Mr. Ulrich Gerfin arose my interest in pattern-welded steel in 1999. Since then, I pursue a hobby with steel, both from the practical and theoretical point of view. I mainly forge steels for cutting tools with the objective of improving the cutting performance.

The performance capability can be raised by using certain construction types (Norwegian style, micro interlock) or differential hardening. In both cases compressive stress is generated in the cutting edge, hence raising the load carrying capacity of the cutting edge (cracks do not grow in areas of compression, inhibited by the non-opening of the crack).

My personal interest belongs especially to the shear steels. Small impurities in form
of micro-inclusions along the welds are likely to increase the cutting-performance by impeding the grain growth, especially across the welds. Therefore a layer thickness in the range of 25,000 layers per inch, in combination with these impurities, is capable of forcing a grain refinement.

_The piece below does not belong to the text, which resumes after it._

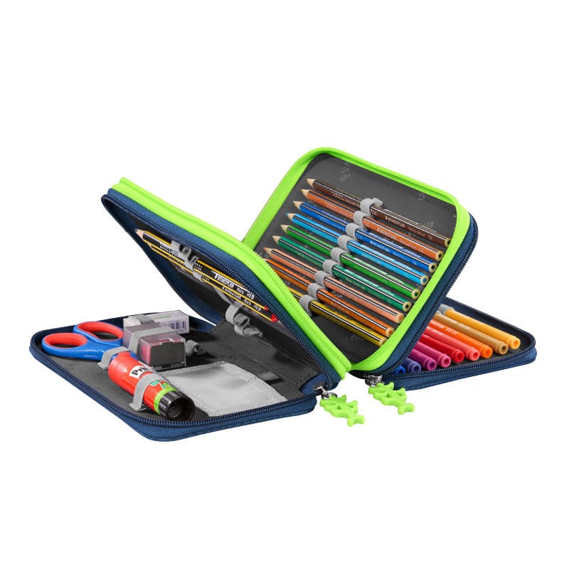 mit seinen 3 geräumigen Fächern beinhaltet alles, was das Schulkind zum Schreiben, Zeichnen, Malen und sogar Basteln  braucht.

Most of the commercially offered Damascene steels are only suitable for decoration purposes. The superb quality of modern tool-steels cannot be raised by contemporary pattern-welding techniques; in contrast, a decrease in quality is likely. For commercial use, the performance-increasing techniques are not suitable due to their extensive production expenses.

The widespread interest in this topic, and finally the repetitively asked questions, convinced me to create these pages about modern pattern-welded steels. They are intended for both smiths and interested collectors. Besides different patterns the metallurgic fundamentals are presented.